#### [WHAT YOU NEED TO DO]
From the data below, return only the lines from the one with "Make tracking enjoyable" through the one with "Benutzerdefiniertes Hawaii-hemd, Tropisches", exact and inclusive, with pictures left out.

#### [MATERIAL PROVIDED]

◆ ◆ ◆ ◆ ◆

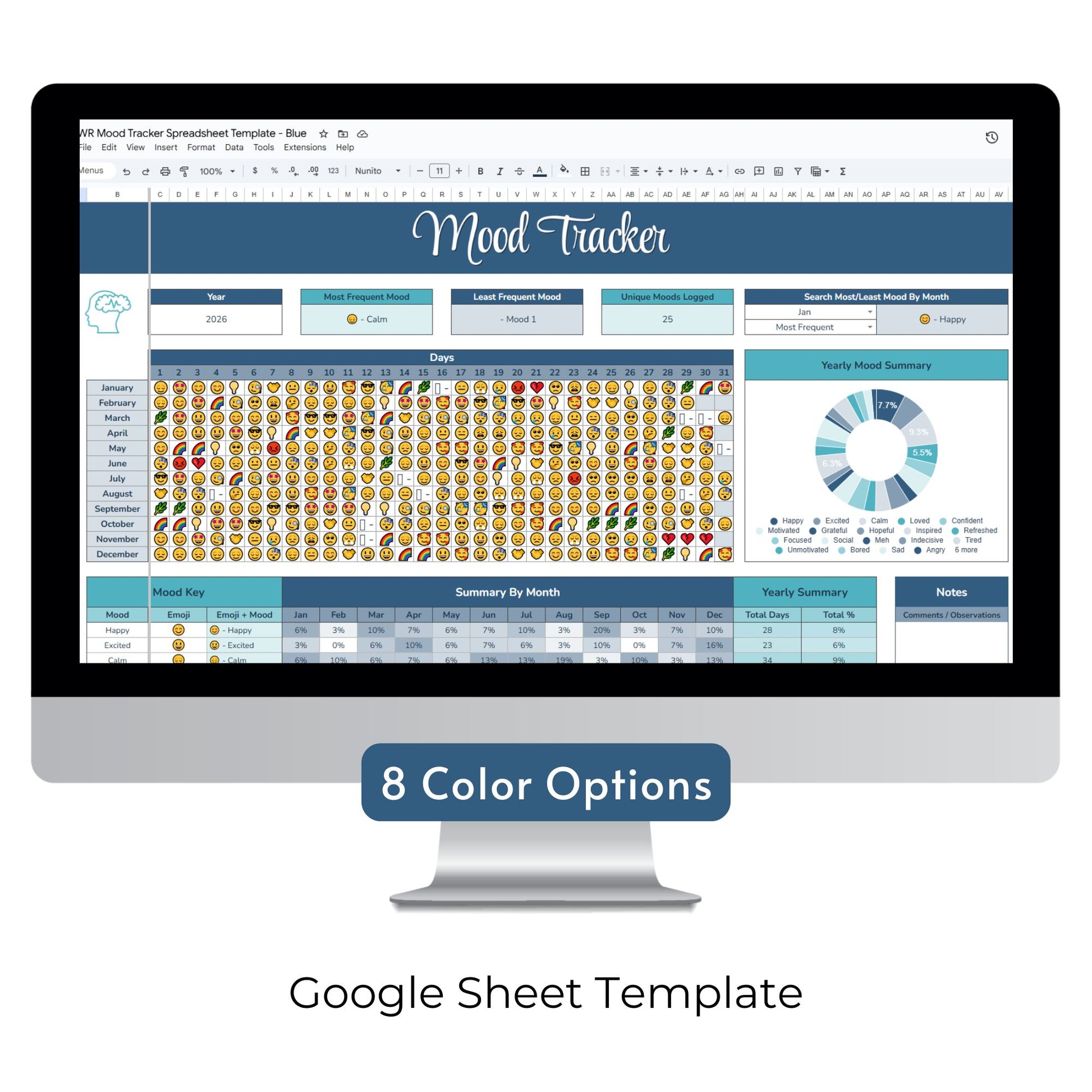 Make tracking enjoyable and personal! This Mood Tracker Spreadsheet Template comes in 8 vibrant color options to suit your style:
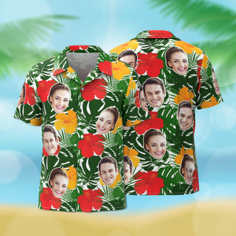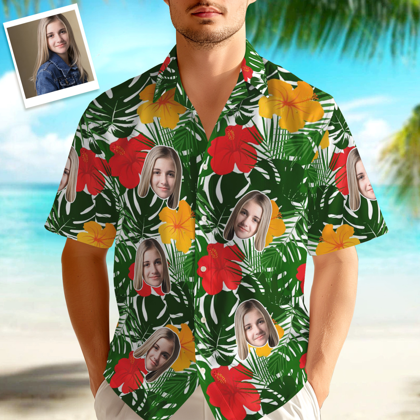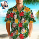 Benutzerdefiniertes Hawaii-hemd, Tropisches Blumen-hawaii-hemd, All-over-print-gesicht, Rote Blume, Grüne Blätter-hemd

◆ ◆ ◆ ◆ ◆

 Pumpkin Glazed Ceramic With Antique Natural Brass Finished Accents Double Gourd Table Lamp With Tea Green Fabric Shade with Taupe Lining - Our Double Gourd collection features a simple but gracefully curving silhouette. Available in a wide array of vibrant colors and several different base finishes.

◆ ◆ ◆ ◆ ◆

#### [RESPONSE]
 Make tracking enjoyable and personal! This Mood Tracker Spreadsheet Template comes in 8 vibrant color options to suit your style:
 Benutzerdefiniertes Hawaii-hemd, Tropisches Blumen-hawaii-hemd, All-over-print-gesicht, Rote Blume, Grüne Blätter-hemd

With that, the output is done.